Tolkien’s metaphysics of evil, part 27

The previous post suggested that Tolkien flecks his characterization of the Elves with an element of the bad kind of escapism he discusses in his essay “On Fairy-Stories.” It should be said, however, that in the Athrabeth Finrod ah Andreth (“Debate of Finrod and Andreth,” Morgoth’s Ring), Tolkien allows Finrod to articulate a more balanced, considered Elvish perspective on the matter:

“Other creatures also in Middle-earth we [the Elves] love in their measure and kind: the beasts and birds who are our friends, the trees, and even the fair flowers that pass more swiftly than Men. Their passing we regret; but believe it to be a part of their nature, as much as are their shapes or their hues.” (Morgoth’s Ring 308)
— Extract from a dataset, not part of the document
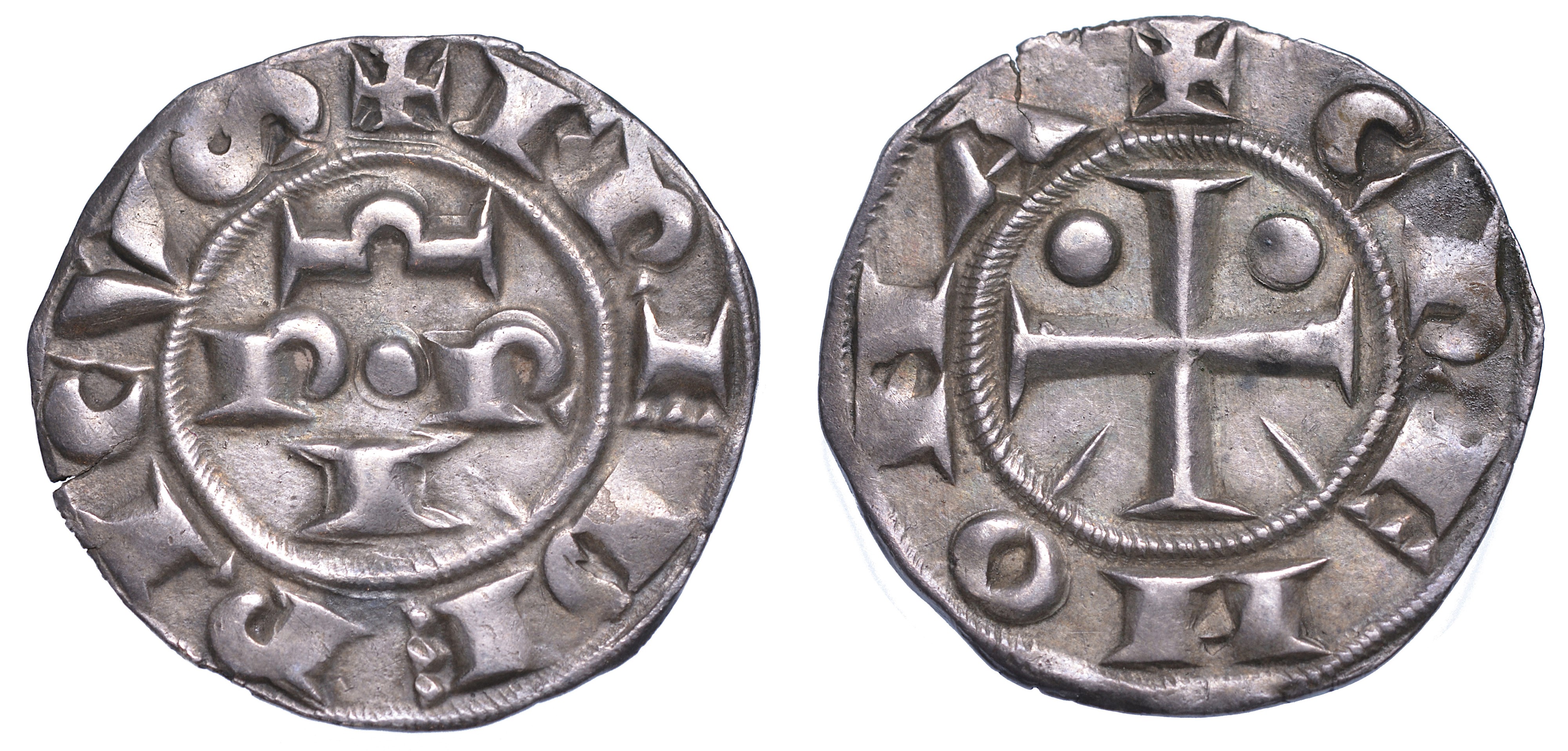 Lettere P R I su due righe e sopra Ω (omega). R/ Croce patente con bisante nel I e nel II quarto, punta nel III e IV quarto. MIR 288. CNI 10/11. g. 2,09. Diam. mm. 19,84. Arg. SPL

Verlyn Flieger, in an excellent discussion of the necessity of change in Tolkien’s philosophy and fiction, indicates something of the complexity and even self-critical nature of Tolkien’s emphasis on this point. While Tolkien was himself an Elf of sorts, and his “psychological and emotional yearning was nostalgia for aspects of his world that had vanished or were vanishing in his lifetime, still, his philosophical and religious position was that change is necessary” (Splintered Light 170). Flieger also makes my earlier point about “evil” in this regard involving the desire for some good when she writes: “Desire to preserve a present good inevitably becomes desire to keep it from passing, but this leads to stagnation. The process of change is part of the design, and must continue if the design is to be fulfilled” (170). Finally, Peter Kreeft has also written perceptibly (if not slightly hyperbolically) on the problem of Elves and change, describing them as “bad conservatives: they want to embalm the present. Seeing the downward slant of the present, they try to preserve the past. They are not evil like Sauron, who always wants to sing ‘I Did It My Way’, but they are foolish because they sing ‘I Believe in Yesterday’” (The Philosophy of Tolkien: The Worldview Behind the Lord of the Rings, 80).